By Daniel Lammin
6th August 2023

It is London in the late 1940s. A young woman, with vibrant red hair and wearing a stunning blue velvet dress, wanders through an affluent party held by her aunt. She is nursing a disappointment. She had hoped to dance tonight at the affair as a demonstration for an illustrious ballet impresario, but has been told that the man is not interested. On her way to the bar she spies the man, the imposing Boris Lermontov (Anton Walbrook, 'The Life and Death of Colonel Blimp'). As she orders her champagne cocktail, he glances at her. How could he not? She radiates with a beauty that is at once ethereal and shockingly human. Lermontov tries to make small talk, but she is unwilling to respond. He remarks that the party could have been a lot worse, that they were to be subjected to a "little dancing exhibition" but have thankfully been "spared that horror".

"Mr Lermontov," she smiles, "I am that horror."

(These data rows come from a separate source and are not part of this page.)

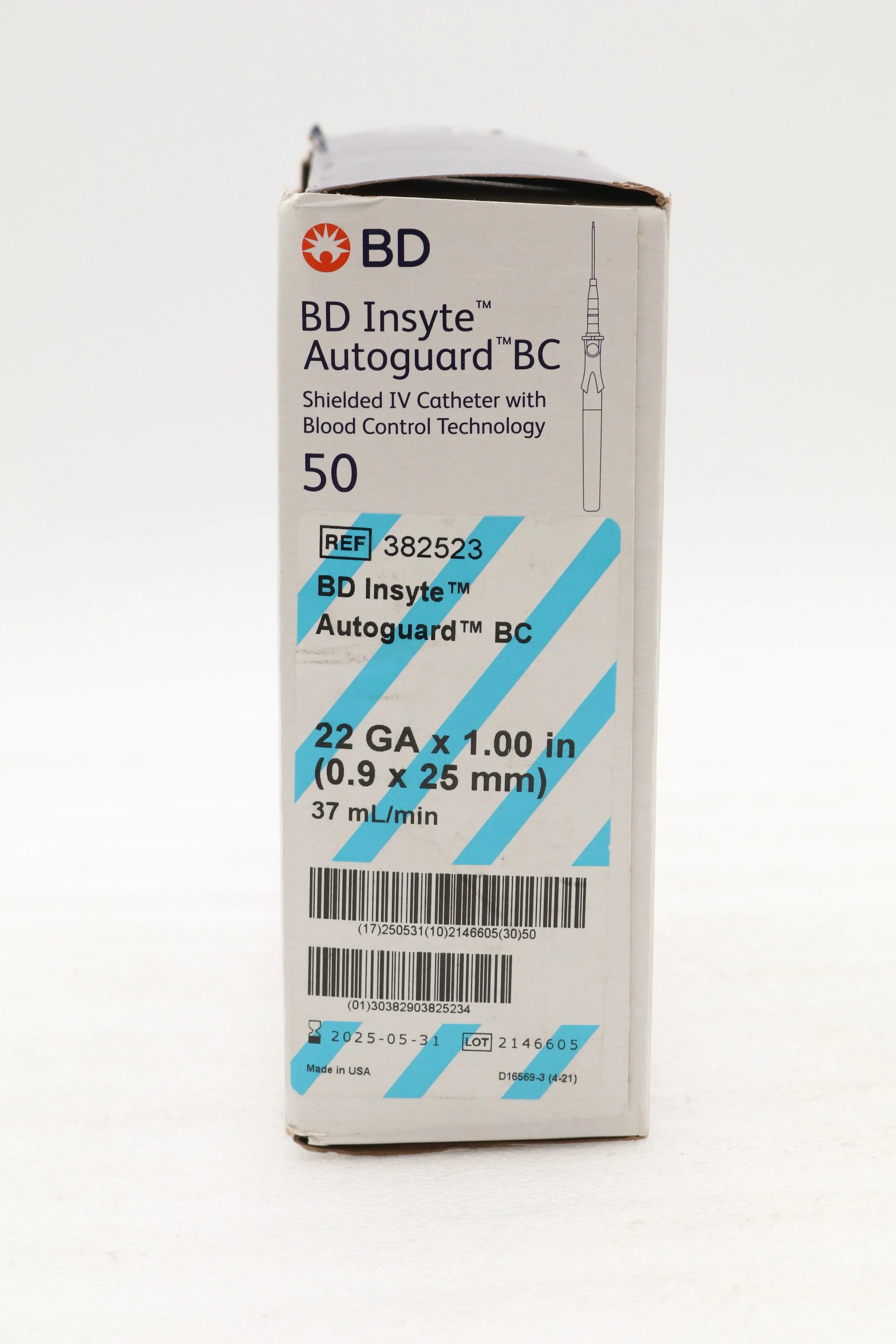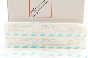 BD | 382523 | IN-DATE | BOX OF 50 | Catheters, Insyte Autoguard, BC Shielded 22 G x 1 Inch, Straight, Non-Winged, Button Retracting Needle
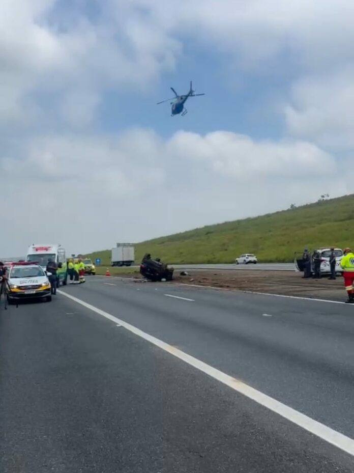 Três pessoas ficaram feridas após um carro capotar no trecho de Caçapava da rodovia Carvalho Pinto, na manhã desta sexta-feira (14).
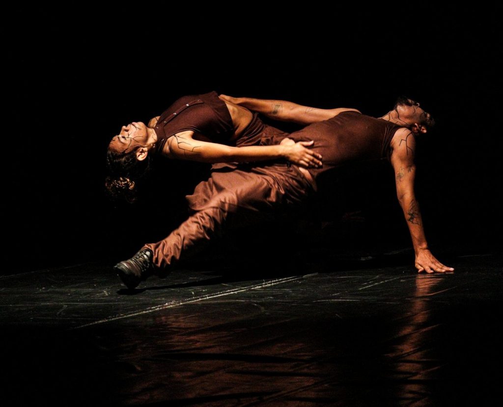A primeira obra da noite, Ruína, transforma o palco em um território de denúncia e sensibilidade ao abordar o desmatamento e seus impactos. A coreografia evidencia a fragilidade da floresta e a urgência de sua preservação, evocando a Amazônia como espaço de vida, conflito e resistência.

He nearly chokes on his drink. He tries to apologise, knowing that it is probably too late ("Yes," she replies, "a little late, I think"). He asks her name. It is Victoria Page. He explains that when he comes to a party, he doesn't appreciate being tricked into an audition, an explanation even Vicky can understand. Seeing her disappointment, he turns to her.

"Why do you want to dance?" he asks.

She thinks for a moment. "Why do you want to live?" she replies. He smiles. "I don't know exactly why, but... I must."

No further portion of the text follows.